Is the Dickey Fuller test one-sided or two-sided?

Question

The Dickey Fuller test tests whether a unit root is present in an AR model. Specifically, we have

$$ X_t = \phi X_{t-1} + \varepsilon_t $$ where $\varepsilon_t$ is a Gaussian noise term.

Now the Dickey Fuller test tests the Null Hypothesis H0: $\phi=1$, or equivalently H0:$\gamma=0$ in the differenced equation. This is how the test is described in text books, for example, in Pesaran (2015, page 332) or Enders (2012, page 114). Enders does not specify an alternative hypothesis, Pesaran does state that H1:$|\phi|<1$. However, to me this leaves a few questions about the DF-test unanswered:

1. The H0 and H1 stated above combined do not comprise the real line. This raises the question of what to do with values $\phi \leq -1$? Those would reject the null hypothesis, but clearly we would also have a unit root. I assume therefore, that the test statistic is $|\phi|$ and not $\phi$? This is the only explanation that makes sense to me. On the other hand that would mean that all these text books made a mistake, which I find unlikely. Or do economists simply handwave the $\phi<0$ cases away?

2. Assuming the test statistic $|\phi|$, if the test were two-sided, then we could reject H0 if we observed $|\phi|>1$, which does not make sense, since we have a unit root for those cases. Because of that, I assume that the DF-test is a one-sided test, which can only be rejected by test-statistics $|\phi|<1$. Is this correct?

Answer 1

First, $\phi$ is the true coefficient of the process, not the test statistic.

The test statistic that is something else than $\phi$, namely the default t-statistic for the hypothesis that the coefficient on $X_{t-1}$ in a regression of $\Delta X_t$ on $X_{t-1}$ is zero. See e.g. Why is Dickey-Fuller test applied on the difference operator and not on the variable directly?

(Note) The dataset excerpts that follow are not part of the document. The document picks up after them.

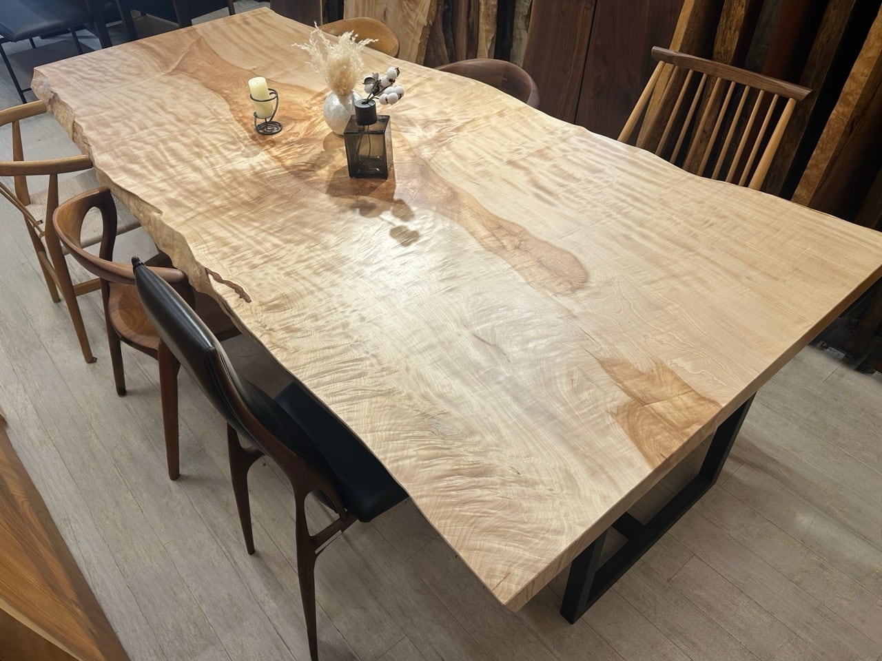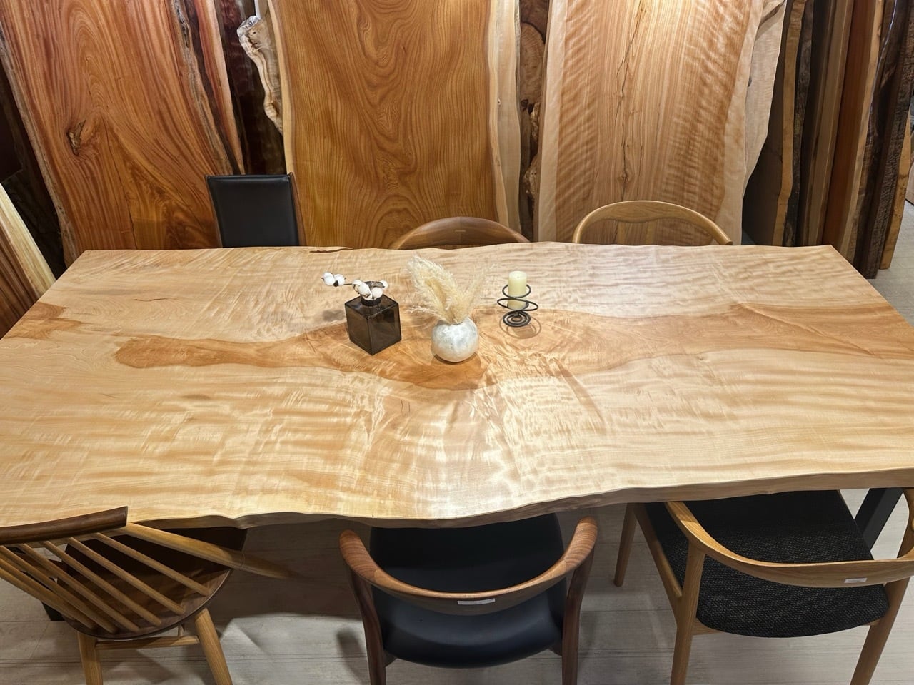 昼光の入射角の変化に伴い杢のトチは豊かに有機的な表情を見せてくれます。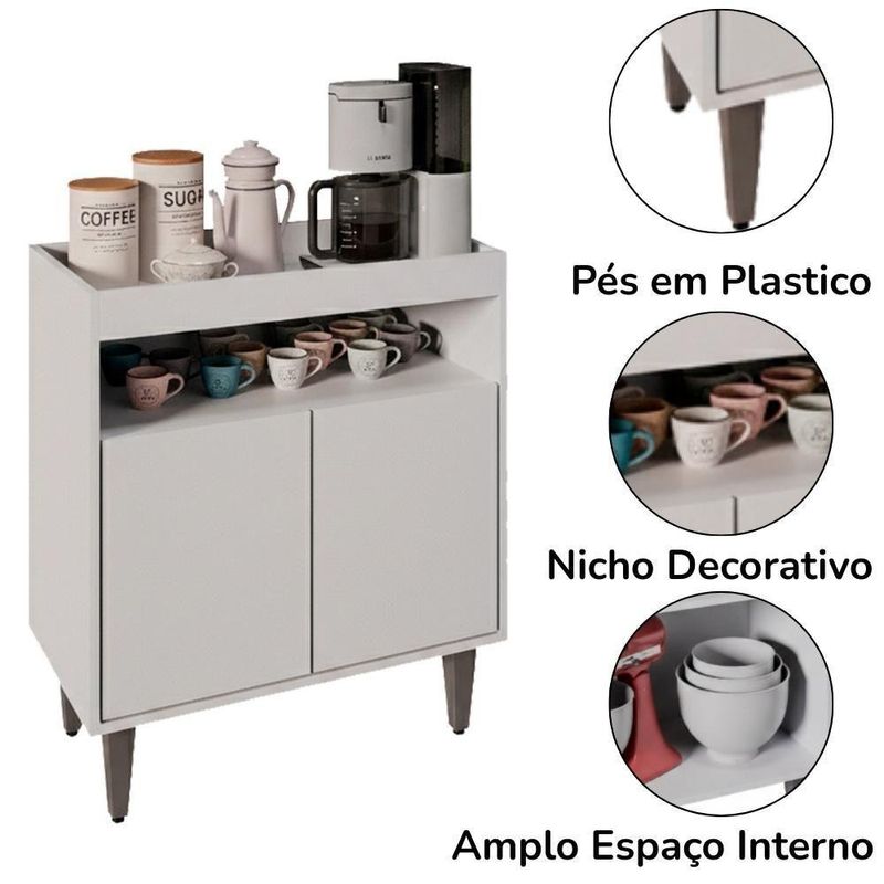 Balcao Aparador Multiuso 2 Portas Alice Bp 71 Cm Eratto Moveis - Branco BrancoBalcão Aparador Alice, ideal para quem busca funcionalidade e valorização do ambiente. Produzido em MDP 15 mm com acabamento BP, conta com portas equipadas com dobradiças metálicas e sistema de abertura passante. Possui amplo espaço interno, nicho decorativo e tampo estilo bandeja, ideal para acomodar utensílios ou itens decorativos. Pés plásticos com regulagem garantem melhor estabilidade. Produto entregue em 01 volume.DimensõesAltura: 86 cmLargura: 70,5 cmProfundidade: 38,5 cmEspecificações TécnicasModelo: AliceMaterial: MDPAmbiente: CozinhaPeso máximo suportado: 30 kg distribuídosSistema de MontagemManual de montagem incluso e kit de instalaçãoMontagem, desmontagem e outras instalações são de responsabilidade do clienteRecomendação de LimpezaUtilizar pano seco para retirada do póEvitar produtos abrasivos e contato direto com a umidadeImportante SaberImagens meramente ilustrativasObjetos de decoração não acompanham o produtoA tonalidade da cor pode variar conforme iluminação e monitorVerifique a quantidade de VOLUMES e o estado da embalagem no recebimentoEm caso de avarias, NÃO ASSINE e RECUSE a mercadoriaNão realizamos subida por escadas, elevadores ou transporte por guinchoConfira as dimensões do produto antes da compraGarantia de Fábrica90 dias para eventuais defeitos de fabricação Baterias são necessárias?: Não | Certificação de teste externa: Não se aplica | Componentes incluídos: Kit de instalação | Dimensões do item: Altura: 86 cm Largura: 70,5 cm Profundidade: 38,5 cm | Exige montagem: Sim | Fabricante: Maderatto | Is Fragile: Não | Número da peça: Não se aplica | Número de caixas: 1 | Número do modelo: Alice | Palavras-chave de Pesquisa: Balcão Aparador | Peso do item: 24 | Principais Características do Produto 0: Acabamento BP | Principais Características do Produto 1: Pés em Plasticos | Principais Características do Produto 2: 1 nicho | Quantidade de itens: 1 | Cor: Branco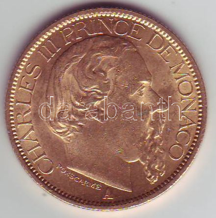 Leírás: Monako 1886. III.Károly 100Fr Au 32,258g RR!! Csak 5000db! T:2+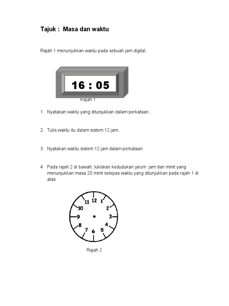 Masa Dan Waktu Standard Kandungan. A Pukul 530 b Pukul 754 c Pukul 1155. Live worksheets Malay matematik Masa dan waktu Sistem 12 Jam dan Sistem 24 Jam.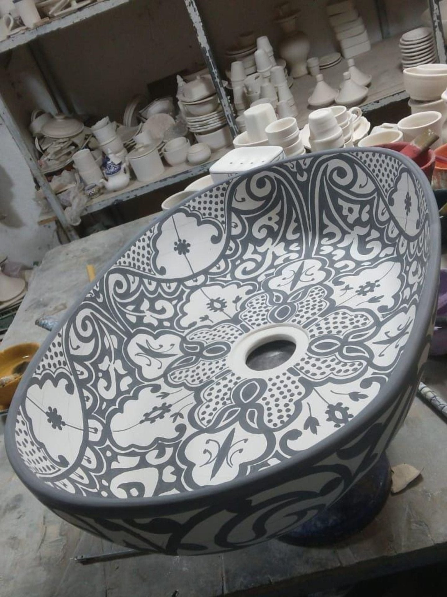 Marrakech - Handcrafted Oval Ceramic Vanity Sink – Artisan-Made Bathroom Basin - (ETAT)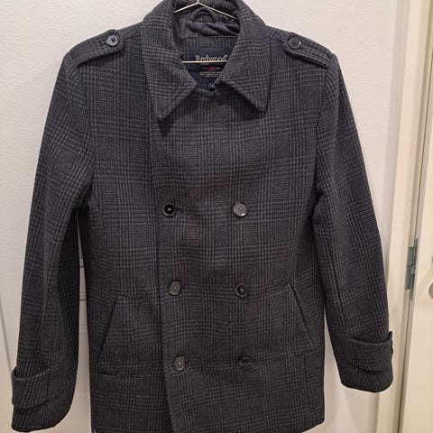 Sisällä "tikkitakin" tyylinen toppatikkaus ja vetoketju menee nappirivistön alla. Sivuilla avotaskut, alhaalla helmassa nappitaskut ja takin sisällä vetoketjullinen sivupovitasku ja napillinen povitasku. Sisällä myös varanappi vielä kiinni.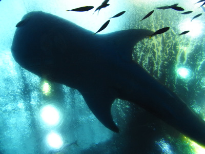 同じ水槽にはオニイトマキエイ(通称マンタ)、近所にはオオメジロザメ(人も襲っちゃうサメ)とかなり大型の魚がいますが、ジンベエザメを見た後では彼らも霞んで見えてしまう。
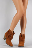 These western inspired fringe accent, slightly round toe, whip stitch detailing, and chunky stacked heel. Finished with cushioned insole, soft interior lining, and easy pull-on construction.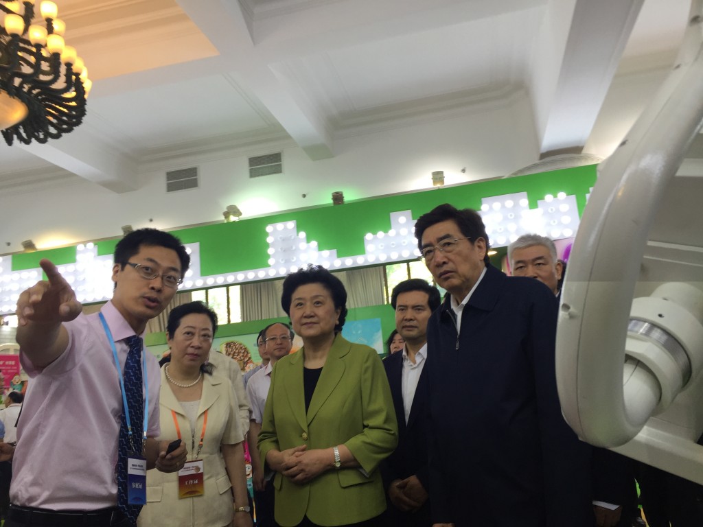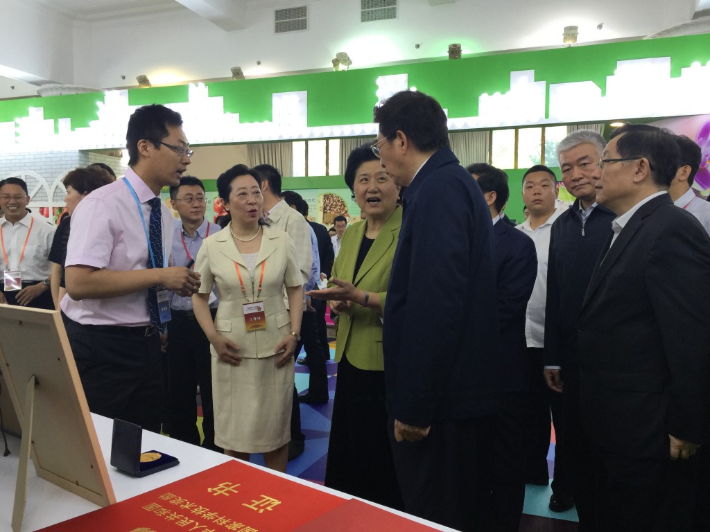 在本届科技周的会展上,由中国科学院自动化研究所自主研发的分子影像肿瘤手术导航系统亮相在本届科技周会场,并受到刘延东副总理、郭金龙书记、万钢部长、 王正伟主任及北京市科委闫傲霜主任等领导人的高度关注。自动化所的科研人员介绍说,我们自主研发的分子影像肿瘤手术导航系统能够从肿瘤细胞分子水平进行成 像,能够为肿瘤早期诊断和手术过程中精准定位肿瘤的临床问题提供有效帮助。通过多年的技术积累,相关核心技术已获得3项授权美国发明专利、60余项国内发 明专利,形成了完整的自主知识产权体系。同时还获得了国家科技进步奖、国家技术发明奖以及日内瓦国际发明金奖等奖励。目前设备已经在301医院、北京协和 医院、东方肝胆外科医院、西京医院及珠江医院等国内7家医院开展了乳腺癌、肝癌及胃癌等方面的临床应用,成功诊疗百余例肿瘤患者,为早期微小肿瘤病灶的精 准切除提供了一种有效方法。刘延东副总理听了以后特别感兴趣,耐心的询问设备临床使用情况,国外研究的进展,以及产业化成果如何。当得知虽然技术成果处于 国际领先水平,但尚未实现产业的规?;保跹佣弊芾硖岢鲇Ω眉涌煲搅破餍档纳笈?,尽早实现我国自主知识产权医疗器械产品的产业化。自动化所的 科研人员深受鼓舞,力争在高端医疗器械产业创立起具有我国自主知识产权的民族品牌。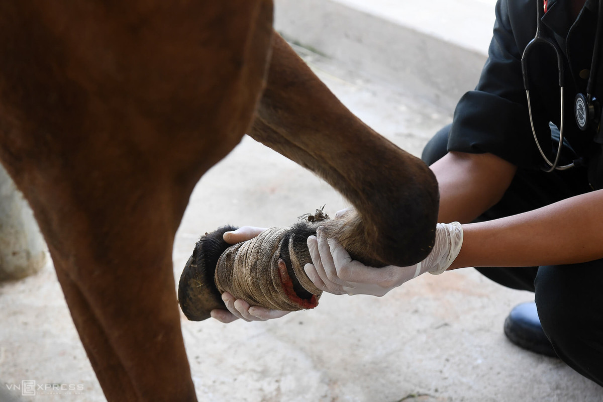 Một con ngựa bị đau chân trong quá trình huấn luyện được bác sĩ thú y thăm khám, sau đó được tiêm thuốc giảm đau và chống viêm.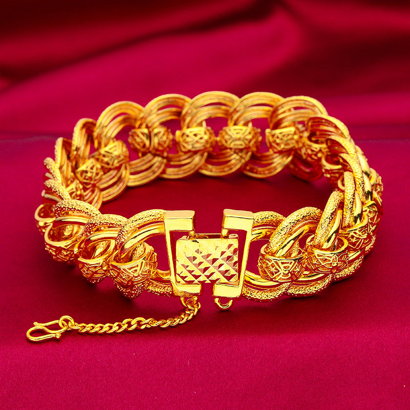 Men's Placer Gold Watch Chain Wide Brim Bracelets
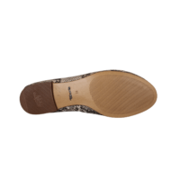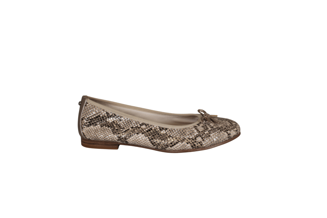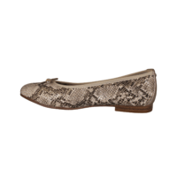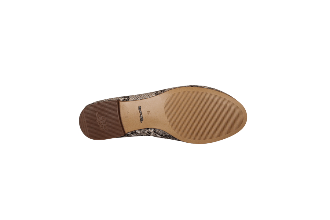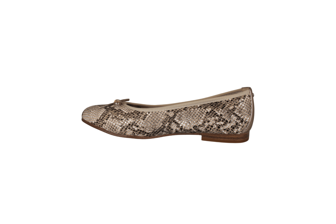 TAMARIS BEIGE SNAKE 22154-46 (221-2151). Fin snake printt ballerina med en lille guld sløjfe på forbladet, samt en guld hæl på hælkappen. Logo sølvl knap på hælen. Elastik rundt i kanten, så skoen sidder godt på foden. Indersålerne er polstret, så skoen er blød at gå med. Ydersålerne er en tynd tunit sål. En fin sko, der vil fikse ethvert sæt tøj op..

As to 1., indeed, values of $\phi\leq-1$ are "oscillatingly explosive" and hence not really plausible in economics (nor any other discipline I am aware of).

x <- filter(rnorm(500), -1.01, "recursive"); plot(x):

As to 2., no, values of $|\phi|>1$ are not "unit root" in that $1-\phi\cdot1\neq0$, i.e., 1 is not a solution to the characteristic polynomial.

But since we reject when the DF test statistic takes sufficiently negative values, the test has no power when $\phi>1$ as we then also tend to have positive coefficients on the estimated coefficient on $X_{t-1}$ and hence positive test statistics and hence no rejections.

When $\phi\leq-1$, by the same argument, the test statistic will be (strongly) negative, and hence the DF test statistic would indeed produce rejections of the null that $\phi=1$. (You could verify this by repeatedly running summary(lm(diff(x)~head(x,-1)-1))$coefficients[1,3] on new iterations of x above.)

But then, 1. kicks in again, where I argue that such processes are not very practically relevant (although examples are mentioned in the comments below).

Hence, to summarize, this is the sense in which the DF test is seen as a one-sided test of the null that $\phi=1$ against the "stationary" alternative that $|\phi|<1$.